Thanks to Chris Hartl for writing the initial implementation of BQSR for ADAM and for taking the time to share his knowledge of BQSR with me over cappuccino at People’s Cafe. Hopefully this post will help others who are trying to understand how BQSR works. Drop a comment if you have any questions.
DNA sequencing machines provide an estimate of the quality of each base (e.g. A, C, T or G) that they read. This estimated quality score is called a Phred score and represents an error probability. A Phred score of 10 represents 90% accuracy, a Phred score of 20 equals 99%, a Phred score of 30 equals 99.9%, etc. Of course, it’s easy to go from probabilities back to Phred scores. Phred scores are also called quality scores or Q scores.
Base Quality Score Recalibration (BQSR) is a method of adjusting your Phred quality scores to be more accurate by looking at more than just a single base in isolation but, rather, every base in your file.
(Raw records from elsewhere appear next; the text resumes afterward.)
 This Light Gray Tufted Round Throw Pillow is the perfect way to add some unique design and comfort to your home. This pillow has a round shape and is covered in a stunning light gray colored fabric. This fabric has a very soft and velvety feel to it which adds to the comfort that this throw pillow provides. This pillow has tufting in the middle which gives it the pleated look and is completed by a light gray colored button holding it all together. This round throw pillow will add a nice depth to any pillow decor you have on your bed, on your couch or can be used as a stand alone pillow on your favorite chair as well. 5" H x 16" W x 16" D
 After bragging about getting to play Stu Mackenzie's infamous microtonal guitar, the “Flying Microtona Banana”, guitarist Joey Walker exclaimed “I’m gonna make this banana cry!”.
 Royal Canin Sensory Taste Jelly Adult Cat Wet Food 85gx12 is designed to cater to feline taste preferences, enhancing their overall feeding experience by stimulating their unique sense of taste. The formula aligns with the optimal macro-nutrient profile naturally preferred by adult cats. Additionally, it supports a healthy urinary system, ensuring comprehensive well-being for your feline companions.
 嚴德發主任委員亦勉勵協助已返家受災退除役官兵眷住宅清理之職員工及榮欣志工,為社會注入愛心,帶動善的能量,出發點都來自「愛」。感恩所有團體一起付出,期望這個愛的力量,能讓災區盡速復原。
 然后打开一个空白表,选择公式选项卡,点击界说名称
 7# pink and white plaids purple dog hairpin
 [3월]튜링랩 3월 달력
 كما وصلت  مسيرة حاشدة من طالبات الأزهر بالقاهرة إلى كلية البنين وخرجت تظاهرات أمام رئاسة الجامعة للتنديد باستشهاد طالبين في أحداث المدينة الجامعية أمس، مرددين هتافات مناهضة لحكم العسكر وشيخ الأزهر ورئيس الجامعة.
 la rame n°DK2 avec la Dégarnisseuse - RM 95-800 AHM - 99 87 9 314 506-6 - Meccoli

To run BQSR, you need a input file that contains all known Single Nucleic Polymorphisms (SNPs). A SNP is a genetic variation that occurs at a single base position, e.g. the reference genome has an ‘A’ and your sample has a ’T’ at the same position. The National Institutes of Health (NIH) provides a database of single SNPs called dbSNP. Why is this input file necessary? The BQSR algorithm assumes that any SNP in your file that is not in dbSNP is an error. This is a statistically sound assumption given that there are over 12 million SNPs in dbSNP (as of build 128) and, on average, a single individual will have no more than about 1,000 SNPs that are not in dbSNP.